Extrema of $f(x,y)=e^{x(y+1)}$ for $\sqrt{x^2+y^2} \le 1$

Question

How can I determine the extrema (minima and maxima) of $f: D \to \mathbb{R}$

$$f(x,y)=e^{x(y+1)}$$

for $D=\{(x,y) \in \mathbb{R}^2:\sqrt{x^2+y^2} \le 1\}?$

The solution should be $\Big(\frac{\sqrt{3}}{2},\frac{1}{2}\Big)$ for the maximum and $\Big(-\frac{\sqrt{3}}{2},\frac{1}{2}\Big)$ for the minimum.

Answer 1

HINT

1. Solve $f_x = 0 = f_y$ to find the local extrema, you are only interested in the ones inside $D$. You can use the 2nd derivative test to classify them.
2. Use Lagrange multipliers to solve the boundary problem looking for extreme values on $D$ itself.

Answer 2

This is a different way to do it than what you might be expected to do:

To maximize $e^{x(y+1)}$ we just have to maximize $x(y+1)$. Our domain is a a disk of radius $1$ centered at the origin; however, we can tell that the maximum will occur on the border rather than inside.

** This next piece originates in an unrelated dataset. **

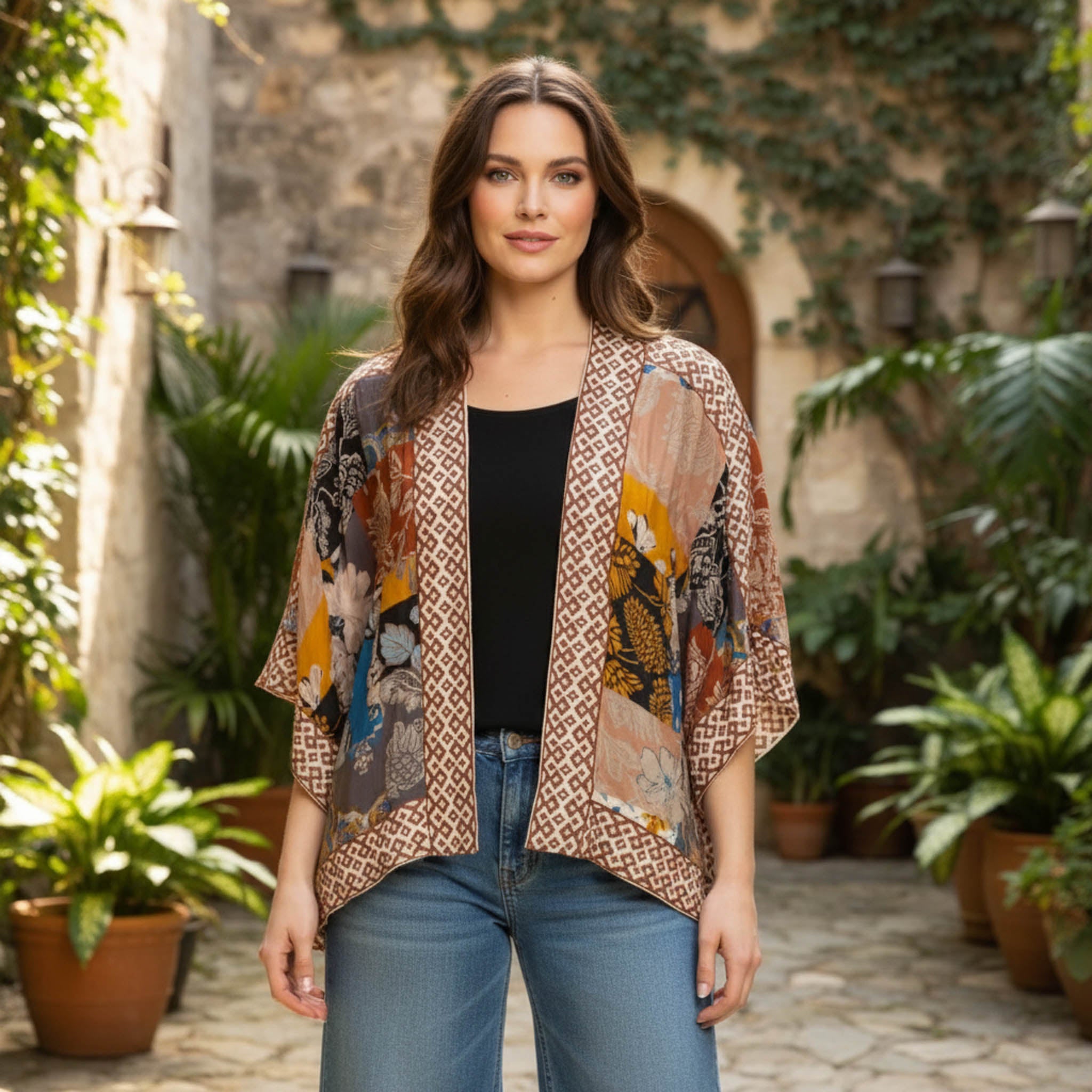 Elevate your wardrobe with the Raelyn Mustard Kimono. Its stunning floral design, accented with gold and warm brown hues, adds a bohemian touch to any outfit. The relaxed fit and wide sleeves provide comfort and versatility, making it a must-have layering piece for any occasion. One size fits all, from XS to XL.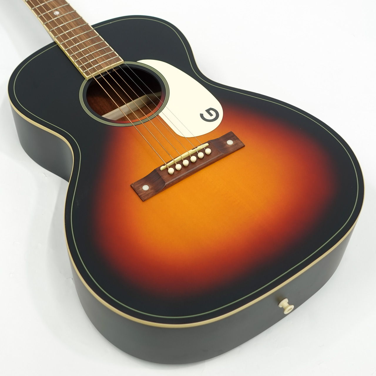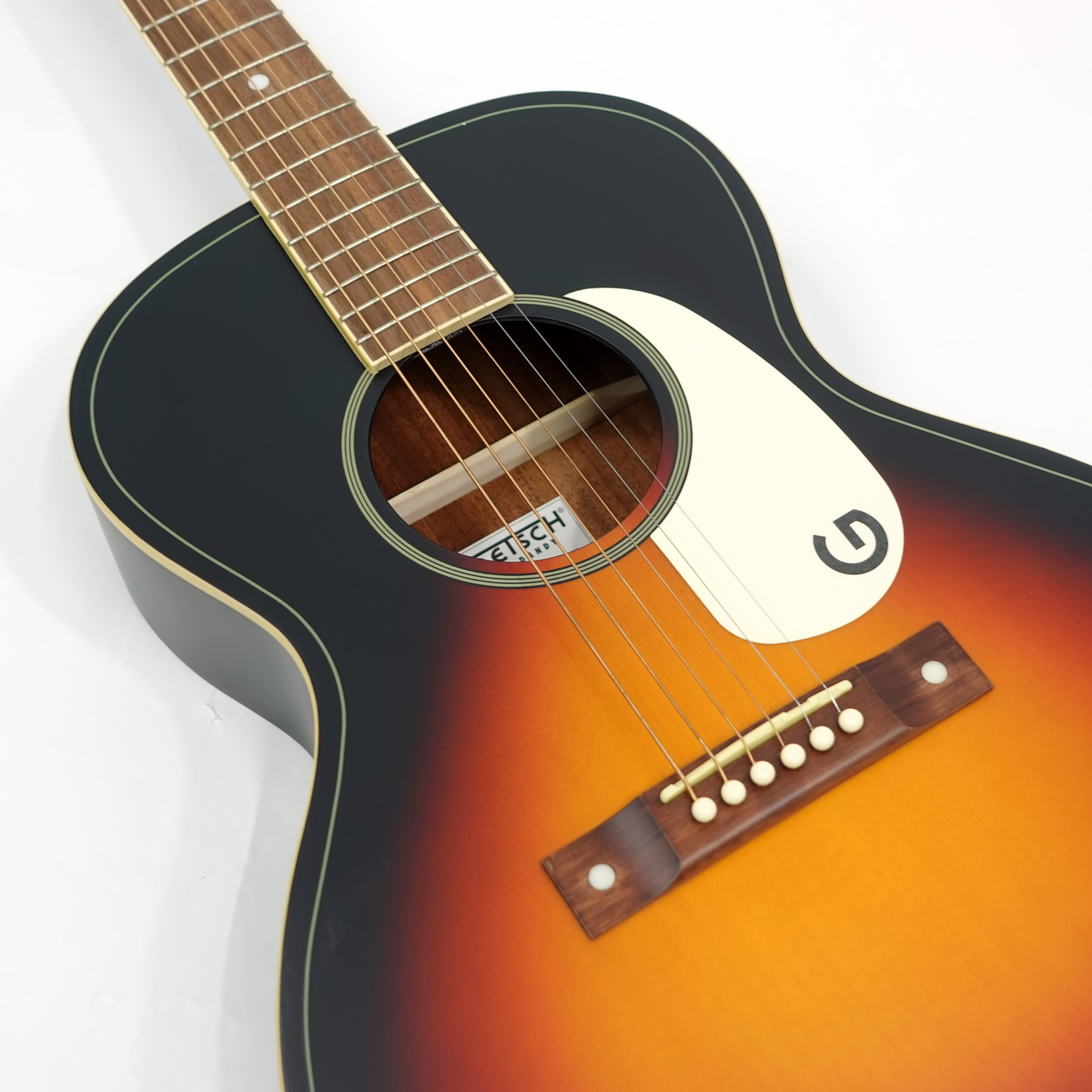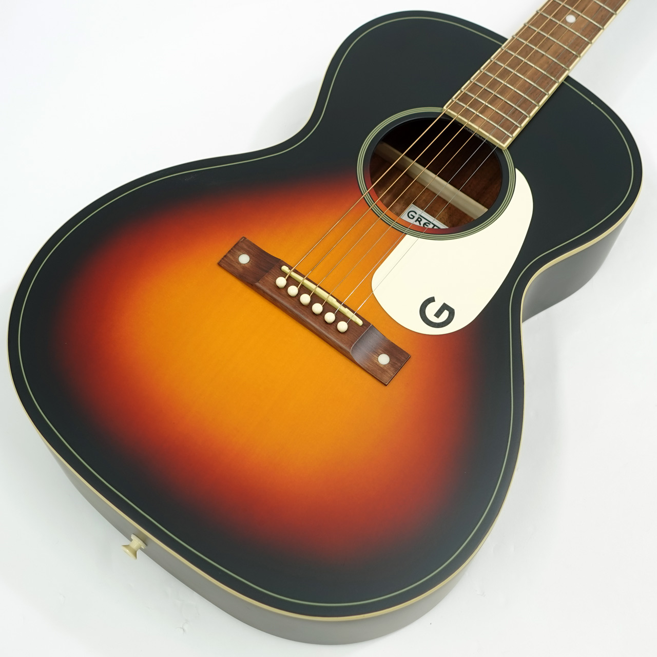 1930~50年代のグレッチ・アコースティックギターを元に再現。ピックガードのGマークがかっこいい一本です。

Why? Let $O$ be the origin. For any point $P(x, y)$ inside the disk, if we continue along the ray OP until it hits the border, we will have both a larger $x$ and a larger $y$, so a larger $x(y+1)$. Thus we know that $x^2+y^2=1$, rather than $\le 1$.

Thus $y = \pm \sqrt {1-x^2}$, and we want to maximize $x(y+1)$ which is $x(\pm \sqrt {1-x^2}+1)$, which can be done with Calculus 1.